One can despair of Karl Lauterbach.

No other top politician is considered by the citizens to be as competent in health issues as the professor from Cologne.

After the start of the corona pandemic, no one else had people hanging on their every word like the captain of the team, Caution.

And when the Social Democrat was presented as Federal Minister of Health at the end of the coalition negotiations, many felt confirmed in their opinion that Lauterbach was the ideal person for this thankless department.

But after almost five months, the enthusiasm is over.

It has given way to disappointment, irritation and sometimes even anger, and for some to all of these at the same time.

Of course, the man was idealized for a long time.

In the government district there are some well-informed health politicians with a degree in medicine.

Not only Lauterbach can read scientific studies, although he is the only one who talks about them all the time.

Those who mean well with him will trivialize the loss of popularity as the natural end of a hype.

If only that were it.

The traffic light government's corona management is a disaster.

What were those times when the biggest problem was the question of how well the coordination between the Ministry of Health and the Robert Koch Institute was.

The tug of war about the shortening of the convalescent status has been suppressed, overlaid by far worse things.

There are political contradictions between the three governing parties.

When the Bundestag changed the Infection Protection Act with the majority of the traffic light coalition, far-reaching relaxations came into force.

The FDP had long grumbled that the restrictions would have to be good at some point – and the SPD and Greens allowed the smallest coalition partner to do so in times of astronomically high infection rates.

A crazy, crazy manoeuvre.

Now Lauterbach can't do anything about the aberrations of the Free Democrats.

But no one forced the minister to support the "difficult compromise".

Lauterbach made every effort to represent the decision.

It just didn't work.

The decision counteracted everything the man had stood for for two years.

Of course, coalitions don't work without compromises.

But the end of the most important corona measures after two years of crisis was not a legislative side note.

It was about nothing less than the question of how the government intends to continue to deal with the biggest health crisis in recent decades.

What is important for the minister responsible if not that?

Shortly thereafter, the traffic light failed in the attempt to introduce a general obligation to vaccinate.

Lauterbach wanted them, Scholz wanted them, experts wanted them, the FDP didn't want them.

In the end, the Bundestag decided nothing at all.

The list of the day's losers fills pages, with the health minister at the top.

Who can, who wants to take all this seriously?
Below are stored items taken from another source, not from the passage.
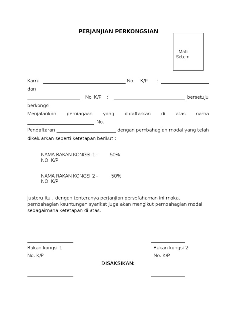 Contoh Surat Perjanjian Perkongsian Perniagaan Aku Dan Dunia Kita Pixel Surat Diy And Crafts
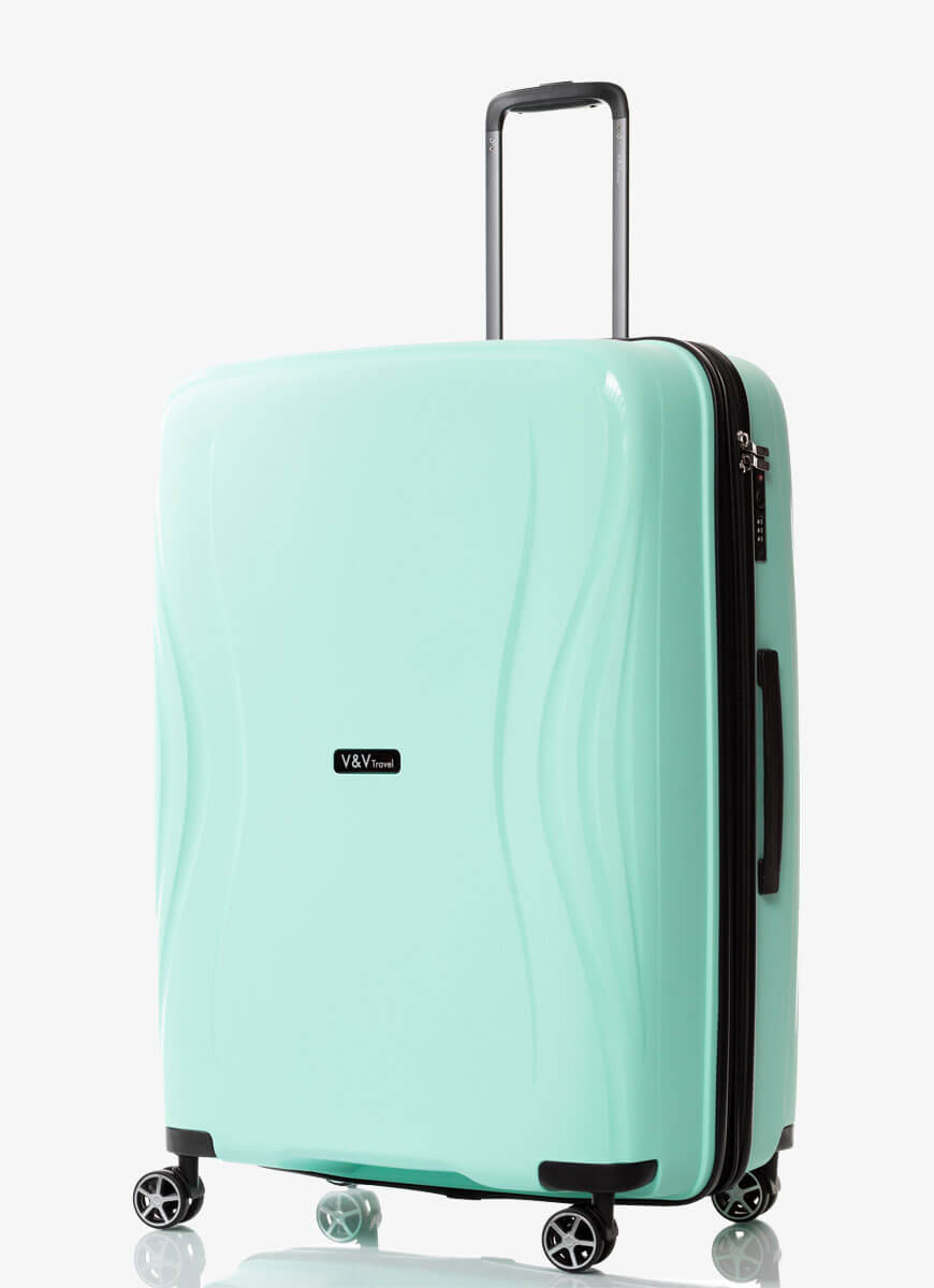 Flash Light Luggage Series. Large suitcases in this set - and we mean large! - are great for traveling around the world with a big group. The collection comes in a stylish design that won't leave you indifferent. Also, check out the sturdy, lockable aluminum pull-out trolley and durable dual wheels that roll super quietly in any direction. These suitcases are made of reliable and quality material, 100% polypropylene, and have two comfortable compartments so that you can take everything you need on your trip. A significant advantage is the TSA combination lock and anti-scratch diamond cover. P.S. By the way, we offer two color options (see the other one here).
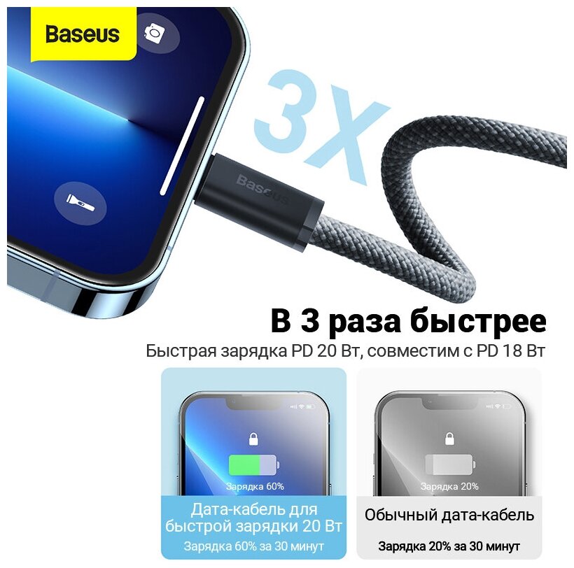 Кабель Baseus Dynamic Series Type-C to Lightning 8pin 20W "быстрая зарядка" (CALD000016) 1 метр
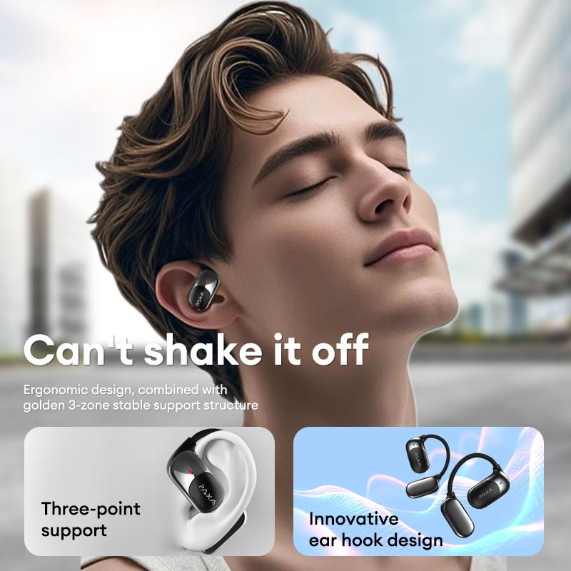 PAXA KC09 with Built-in 169-Language Translation Wireless Headphones with Electroplated Ear Hook Design – Comfortable, Great Sound, Bluetooth 5.4 Flash Connection, Wireless Earbuds for Music and Calls
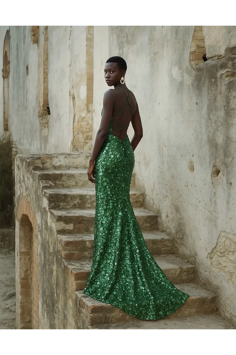 Μάξι βραδινό φόρεμα με αριστοκρατική ουρά που αποπνέει κομψότητα και φινέτσα. Η χαμηλή, ανοιχτή πλάτη του, δεμένη με χιαστί κορδόνια, αναδεικνύει τη θηλυκότητα, ενώ παράλληλα εξασφαλίζει τέλεια εφαρμογή. Το εκθαμβωτικό του ύφασμα, από δαντέλα κεντημένη με λαμπερές παγιέτες, αγκαλιάζει αρμονικά το σώμα, χαρίζοντας λάμψη σε κάθε σας κίνηση. Ένα μοναδικό κομμάτι, ιδανικό για γάμους και ιδιαίτερες περιστάσεις που απαιτούν αξεπέραστο στυλ και διαχρονική γοητεία.

In addition to the substantive breaks, there is a ludicrous confusion in the attempt to explain all this to the citizens.

Lauterbach first wrested the federal states' approval to relax the rules for corona isolation, he wanted to move away from the official order and make it voluntary.

A day later he cashed in on the plan shortly before midnight on a television talk show.

Going it alone, without coordinating with the countries responsible for implementing the rules.

Later that night, the minister posted a statement online.

On Thursday evening, Lauterbach agreed with the federal states to shorten the isolation period for those who tested positive to five days.

The next morning he warned on television to be careful: Infected people could still be contagious.

Who wants, who can still take all this seriously?

The virus continues to threaten millions of people.

In their health, their life, their existence.

Hardly anyone knows that better than Lauterbach.

The manoeuvring, and the lack of courage on the part of those responsible to make unpopular decisions, would be even more noticeable were it not for the war in Eastern Europe.

There is no question that Ukraine is a priority right now.

But Corona has not disappeared.

The government needs credibility at the latest when the country enters a new phase of the pandemic in autumn.

Does she know where she wants to get it from?

When Lauterbach became Minister, some had doubts.

According to the SPD, he was uncontrollable and unsuitable for the job because a good minister had to be more than a master of his trade.

Lauterbach was a brave decision by Chancellor Scholz.

The Rhinelander could have become a model for a new type of politician.

One who is successful without party tactics and cliques.

Someone who succeeds in things because he first and foremost understands something about the matter.

So far he's screwed her up quite a bit.